● DESCRIPTION OF THE TASK
Transcribe only the lines in the data below falling between the line with "ご招待した医療従事者のひとり" and the line with "An Asset job", including those two lines, and leave out any picture.

● DATA TO USE

--- START ---

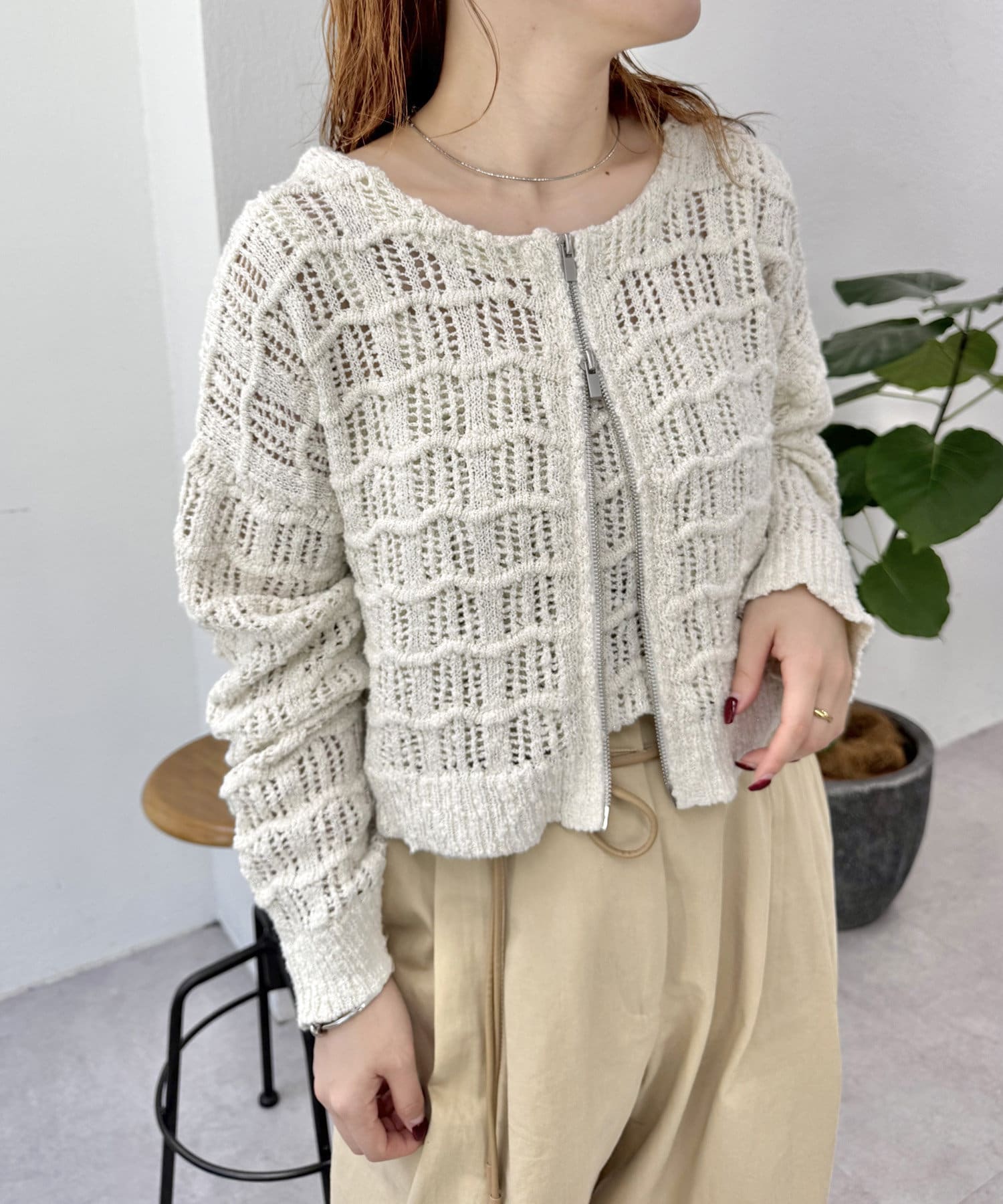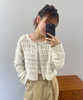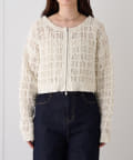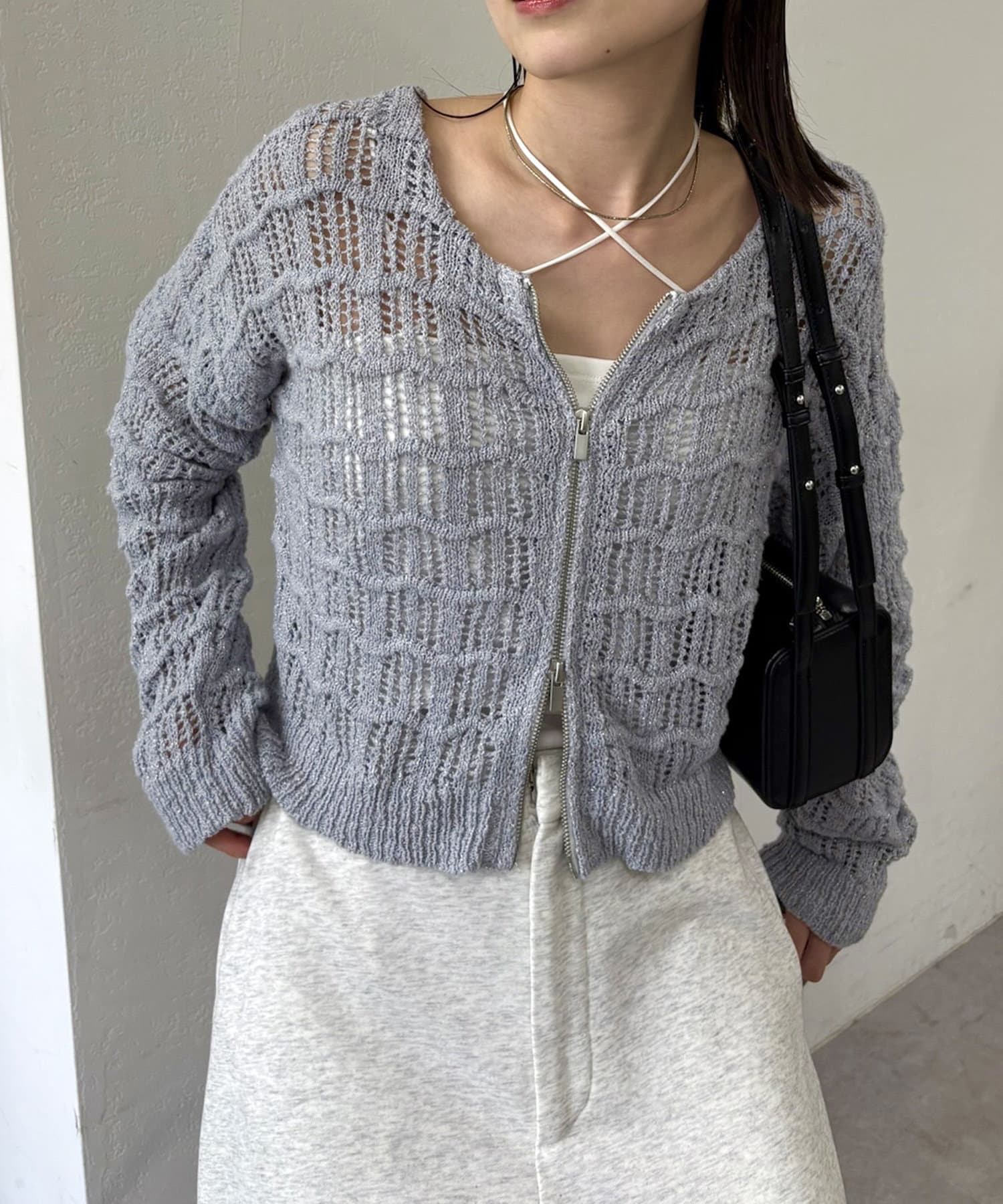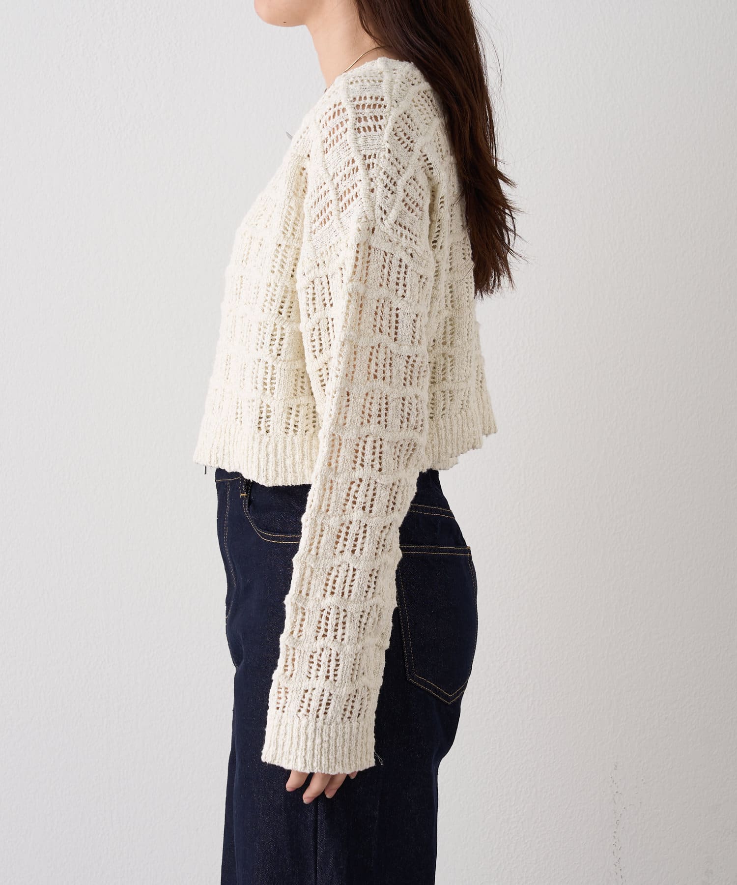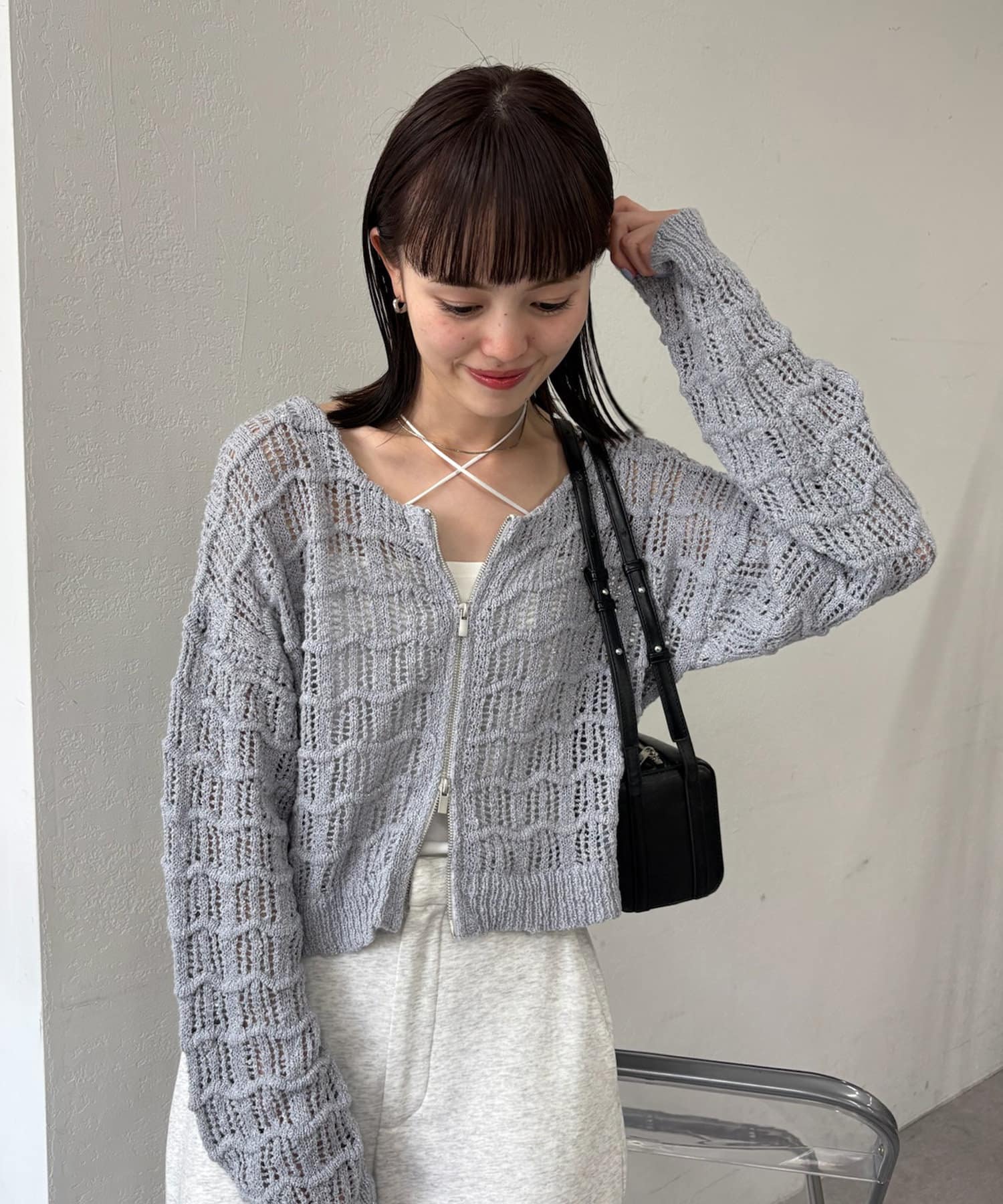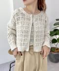 ・繊細な透かし編みが施された、軽やかな印象のニットカーディガン。
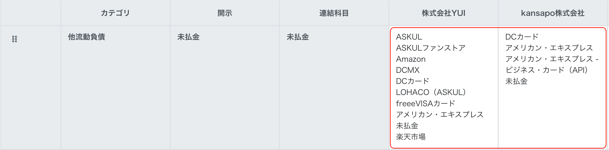 | (勘定科目名) | (科目コード) | (連結科目名) | (カテゴリ名) |
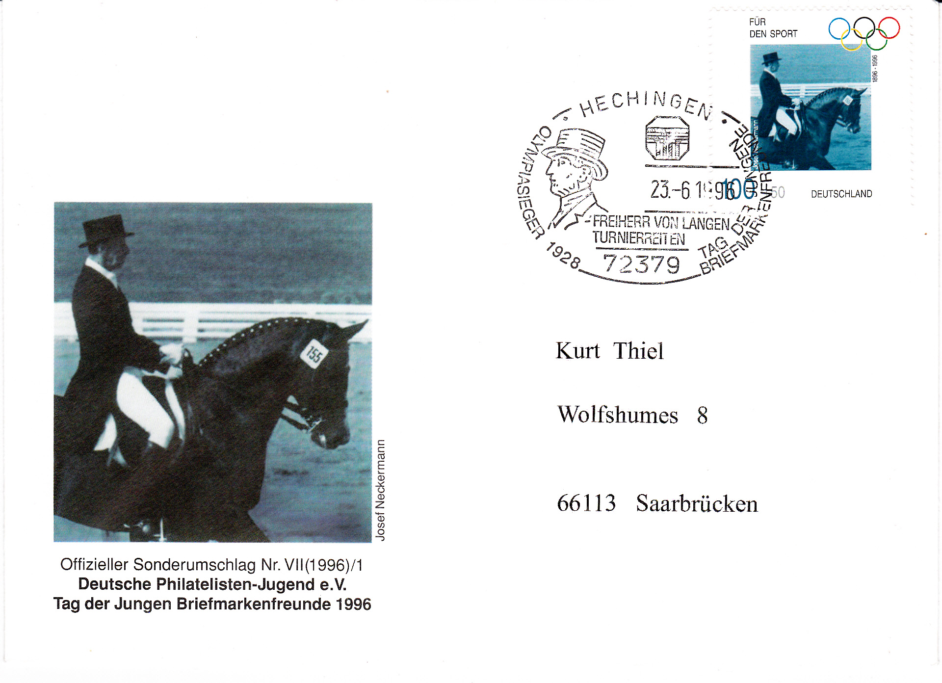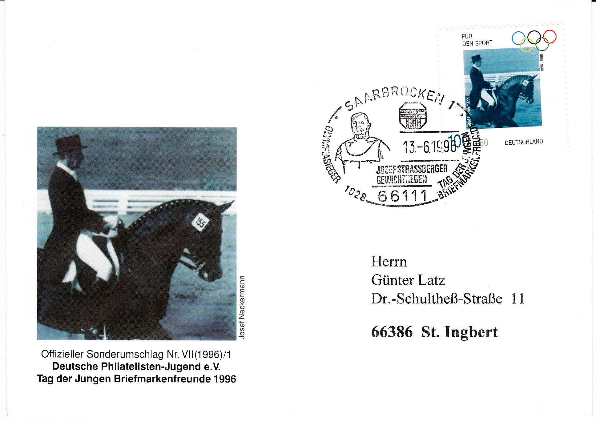 Der Stempel zum Tag der Jungen Briefmarkenfreunde aus Saarbrücken vom Ersttag der Olympiamarken 1996 zeigt Josef Straßberger im Stempelbild.
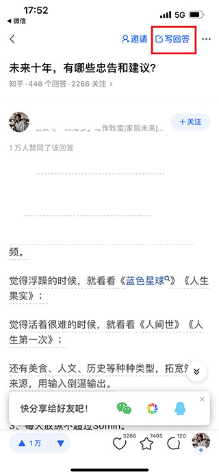 进入问题页面后,点击屏幕上方的“写回答”选项;
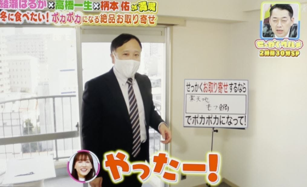 ご招待した医療従事者のひとりである後藤さんが「バナナマンのせっかくグルメ!」という番組のお取り寄せ特集に、感謝の気持ちを込めて楽天地のもつ鍋を推薦し、思いが伝わり採用され紹介していただきました。
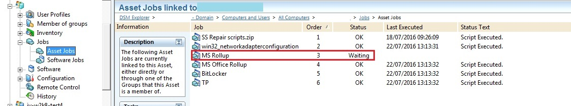 An Asset job remains in status Waiting for a lot of computers. It is not executed by AM Agent.
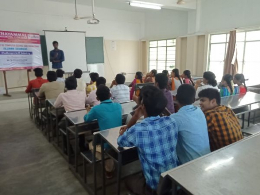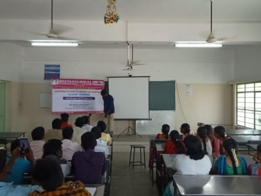 Alumni Interaction on “Challenges in IT Industry” organized by department of Computer Science and Engineering for the benefit of Second Year students of on 12.10.2018, Mr. M. Dinesh Kumar, Associate Analyst, Comodo Security Solutions, Chennai, is the resource person. Share his working experience and advised the students to go for inplant training.
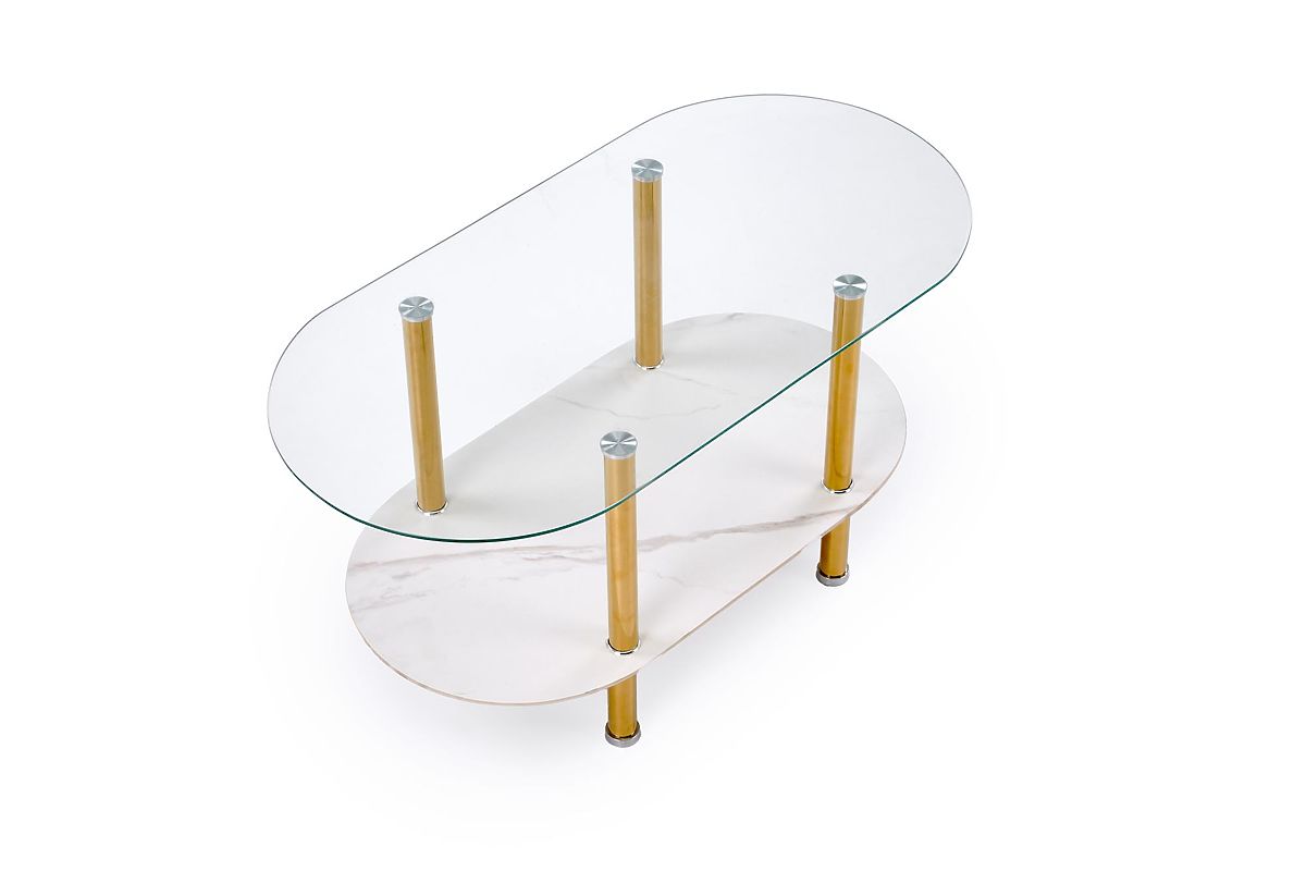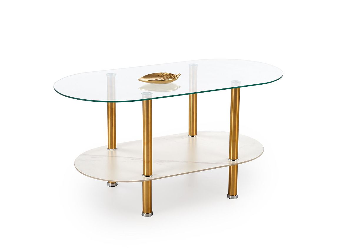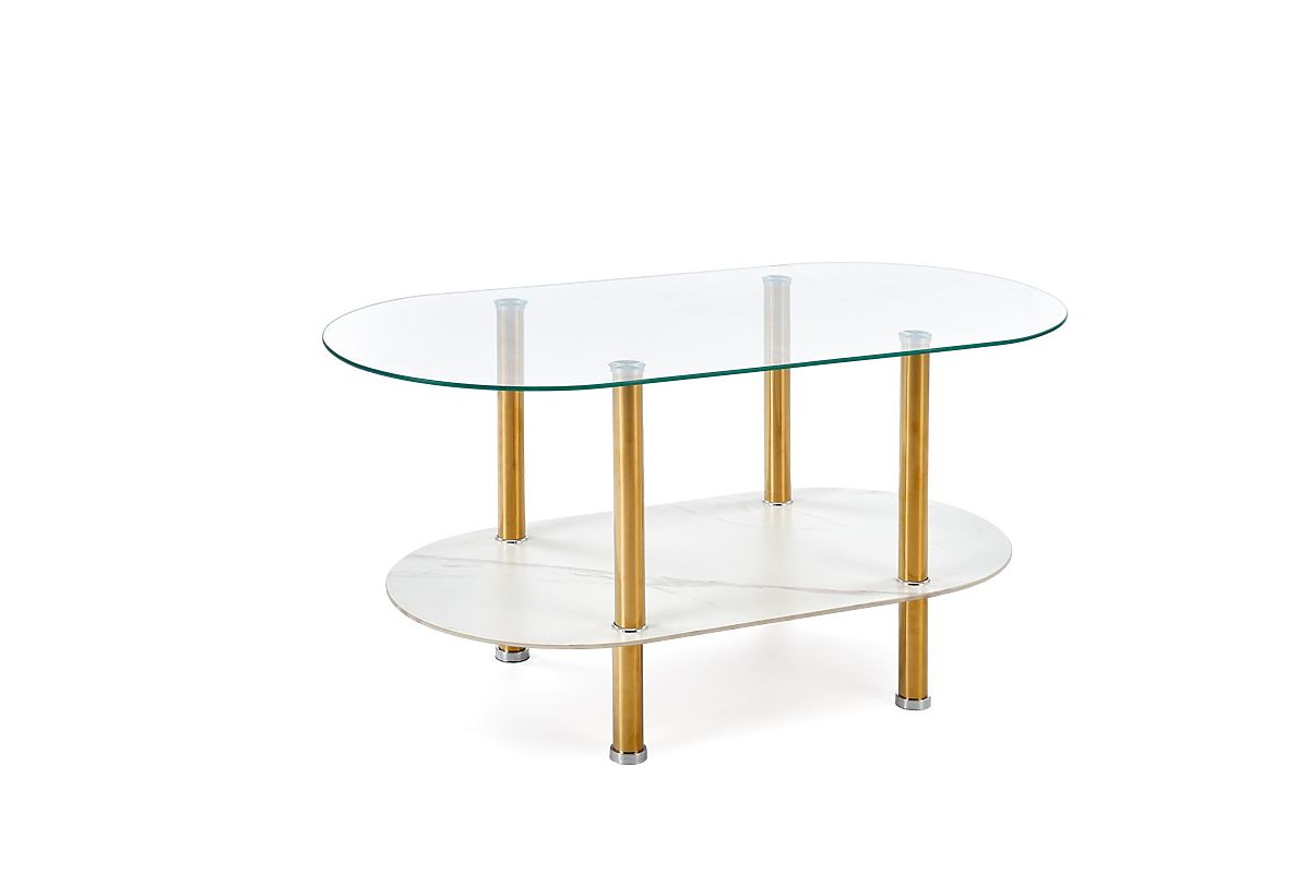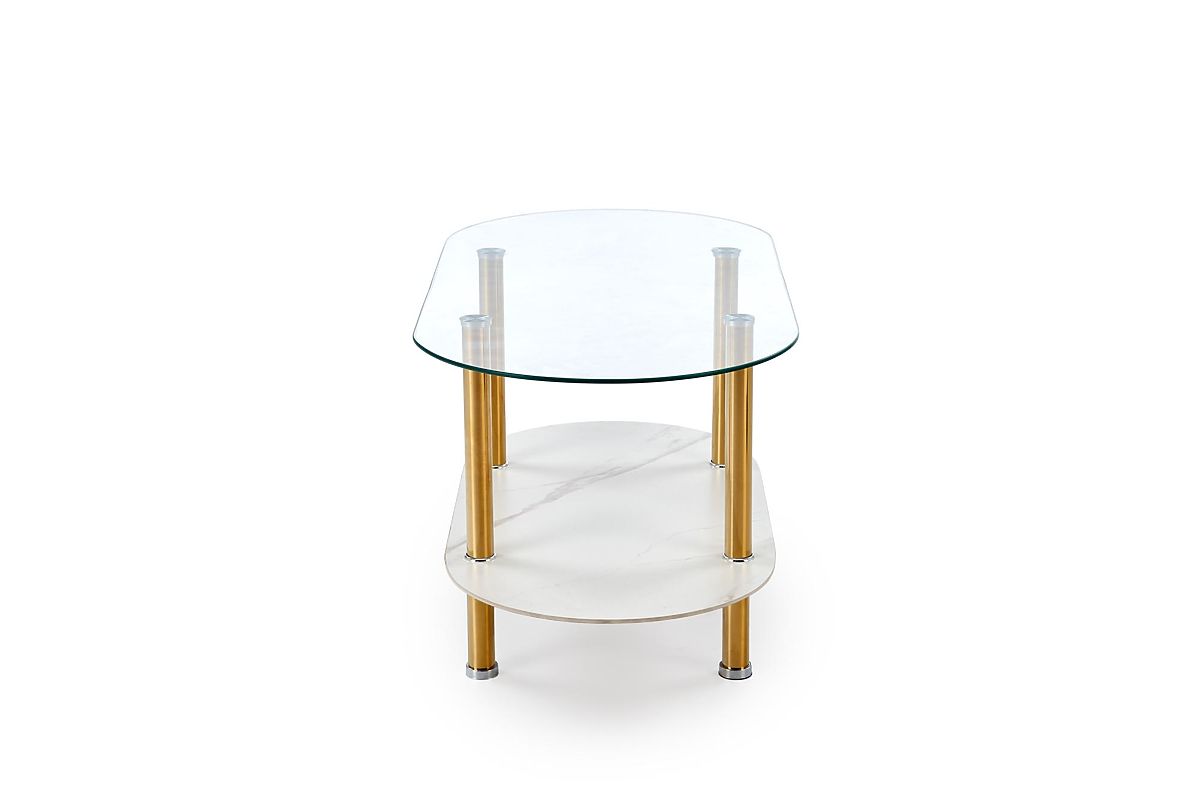 Lukahome.sk » Stoly a stolíky / Konferenčný stolíky / DUCAT konferenčný stolík, biely mramor / transparentný / zlatý (2p=1ks)

--- END ---

● EXPECTED OUTPUT
 ご招待した医療従事者のひとりである後藤さんが「バナナマンのせっかくグルメ!」という番組のお取り寄せ特集に、感謝の気持ちを込めて楽天地のもつ鍋を推薦し、思いが伝わり採用され紹介していただきました。
 An Asset job remains in status Waiting for a lot of computers. It is not executed by AM Agent.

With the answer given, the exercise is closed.